We had a pretty deep conversation about this. Deeper than what we have ever had. I assumed we were on the same page with this but aparently not. I said because of my age I would like to start in the next 6months to a year, only because I need to have my nexoplanan implant out and need to give my body time to settle. He said that was too soon, and felt like we were rushing. and wanted to wait a few more years (I'd be 36 by that point - yes I know that's still an ok age to have them, but still not without risk). We came to a compromise of this time next year we would see where we feel and go from there.

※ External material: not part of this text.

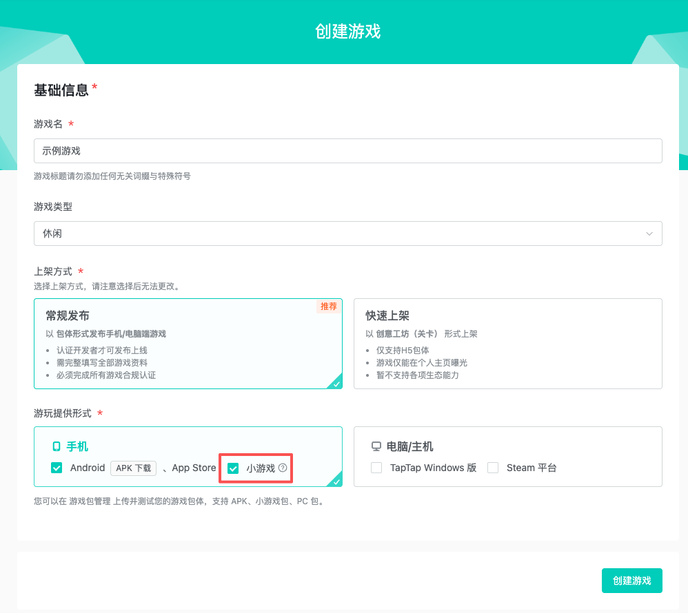 - 仅以小游戏形式发布的游戏,请在 游玩提供方式 直接选择「小游戏」。

Couple of days later DH anxiety has been through the roof. We talk more and it stems from this whole kids chat. He does suffer with high anxiety and a negative outlook on life and is quite a nervous person. But generally together were great and he even says I'm a positive grounding influence on him.
He revealed that the thought of having kids terrifies him. It's the biggest responsibility, it causes a lot of change. He's so happy with our life as it is now. He hasn't said an outright NO to them but the way he's reacting, I can't put that kind of pressure on him.
He said that in a years time he may feel different about it, but if he's like this in this state in a years time n he said no to kids would I resent him? I said atm no I don't resent you because your going through meltdown, but at the same time I don't know how I'm going to feel in the next year. What ever happens we will still have each other and that's most important. He calmed down a little then.
I've had time to think about this now. I don't feel his view will change in a year. And yes we have a good life now. I always thought though having children would just enhance how lovely our life is. They arnt a need, more of a want.
But I can't get over the feeling that the chance of potentially having them has/is being taken away. I'm trying to look at it from the position of if we physically couldn't have them I think I would be ok with the desision as there is no possibility. I need to just look at what I have in life now and appreciate it don't I, rather than thinking and being upset on what could be.
Has anyone else been in this situation? How are you getting on now? What conclusions did you come up with?